# Aj opener/mixed bag 8/1/14



## wallace1 (Dec 8, 2010)

So we run out the pass to our first spot probably 40 miles out. Start fishing and very quickly put a good gag and an aj in the boat. The fish are biting every drop but breaking us off more than not. That storm pops up so we run out to the west trying to get away from it. Saw a couple water spouts and the lightning was popping where we had just been. We were real close to calling the trip but decided to stick it out.

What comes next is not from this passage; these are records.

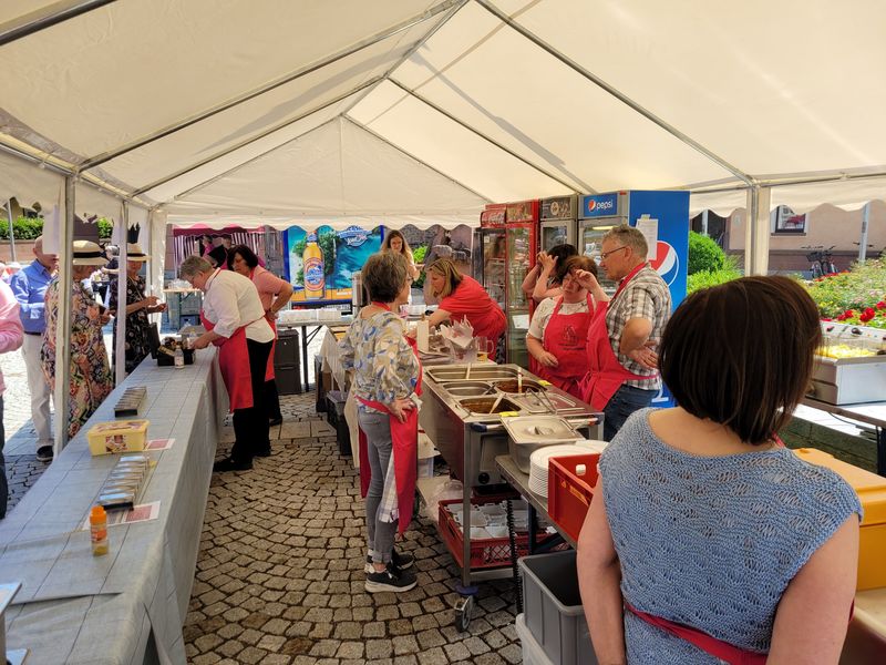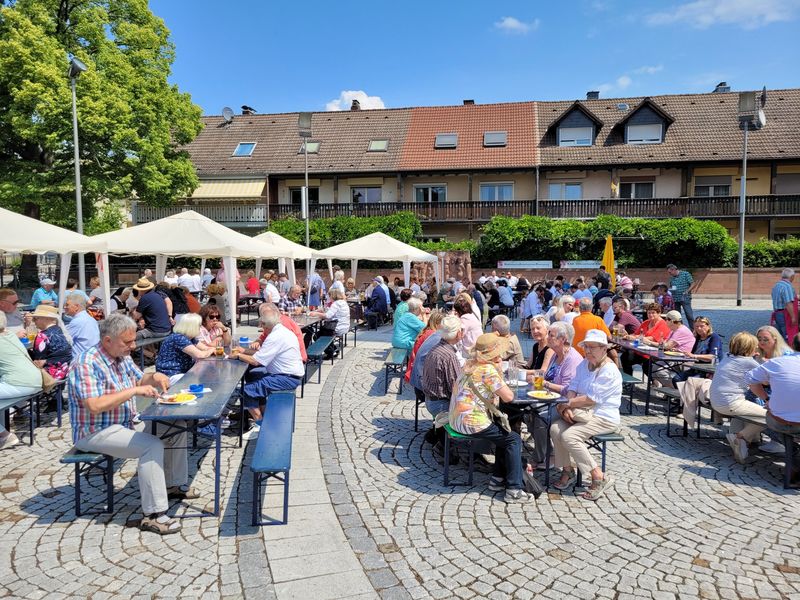 Beim anschließenden Kirchplatzfest, das die KAB organisierte, setzte sich die Gemeinschaft fort. Für das leibliche Wohl war ausreichend gesorgt, ob herzhaft bei Kammbraten und Bratwurst oder für Schleckermäulchen bei einer Tasse Kaffee und einer Auswahl aus dem Kuchenangebot.
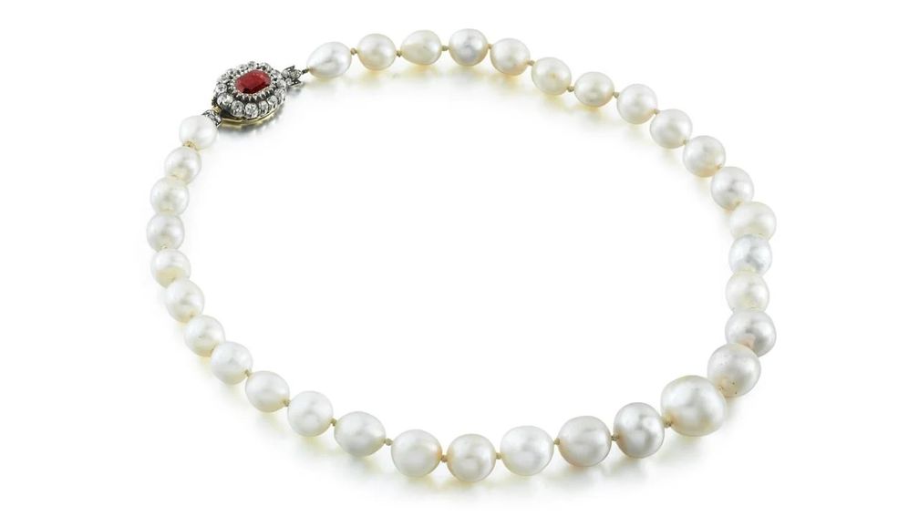 Колье из 33 округлых, овальных, пуговичных и каплевидных природных жемчужин с застежкой из восьмиугольного граната-родолита и бриллиантов круглой огранки.
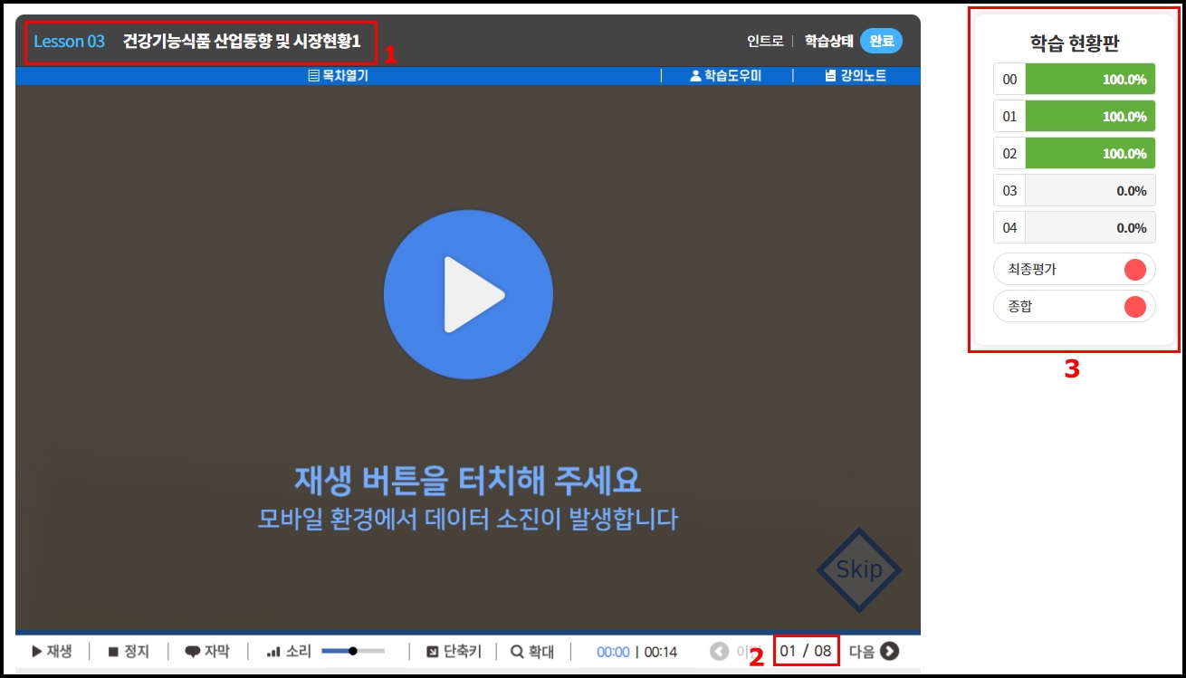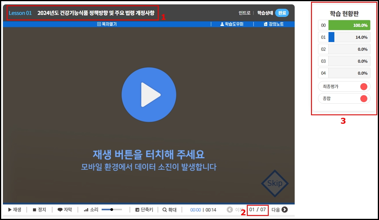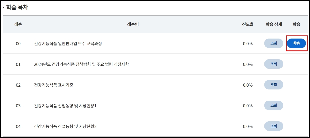 1. 레슨번호 "00" 건강기능식품 일반판매업 보수 교육과정 학습 버튼 클릭 후 온라인 강의를 시작합니다.
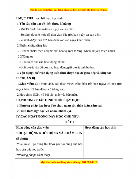 Giáo án TNXH 1 Chân trời sáng tạo Ban ngày và ban đêm

Eventually it calms down a little bit so we head back to that spot. About this time it's slicked off out there and the rain had cooled everything down. So we quickly finish off our limit of good jacks and then decide to try out the deep drop gear. Start off just playing with it in 350ft and catch a big Almaco and a 20in mongo

Move out to 600 or so ft and boom it's on. 3 snowy grouper and a tile fish. As were rigging for another drop we see fish jumping in the distance. Thinking it's the Bonita we had been seeing all day we didn't really pay attention. They get closer and they're tuna!! So were all scrambling trying to get jigs ready and the deep drop stuff up but we never could get them close enough to the boat for the jigs. So out comes the poppers. Ending up adding 3 solid black fin to the box. Only got the one picture but hopefully will have one of the whole box sometime today. So glad the weather early on didn't run us off! First legal aj and first tuna on a popper!

Oh and on the way back in it's about 830 at this point and we see what looks like a boat waving a flare so we head on over that way. Turns out they had spun their prop and their VHF wasn't transmitting. They had been broken down since 2 and we were the first boat they had seen. Called seatow for them and got that sorted then headed to the house before we ran out of gas and seatow needed to send 2 boats. Happy we decided to take perdido pass in because they would have had a long night otherwise.


----------



## Kim (Aug 5, 2008)

Sure sounds like you had a good trip. The Amberjack on the popper was an eye opener wasn't it. When they are on top like that you can trail 5 feet of line out as you slowly motor back to the spot and watch the AJ's come up on the popper and shear off until one finally takes it. For AJ you can use a Maguroni by OTI, since it sinks so you can tease them up with that and then hit them with the poppers so you get the surface blow ups. Great post and pics, tight lines to you.


----------



## wallace1 (Dec 8, 2010)

Sorry should have phrased that better. That was my first legal aj and it came on a jig and then first tuna on a popper. Popping those tuna was pretty sweet though. Especially because we were just out in open water.


----------



## jcasey (Oct 12, 2007)

Awesome report and good on you for helping that stranded boater.


----------



## bcahn (Jan 10, 2013)

Great report capt, bet the other crew was happy to see you guys! Radio check before you go, certainly I forgot a few times.


----------



## Overtime153 (Aug 7, 2014)

Great report!! Glad the others made it in safely!!


----------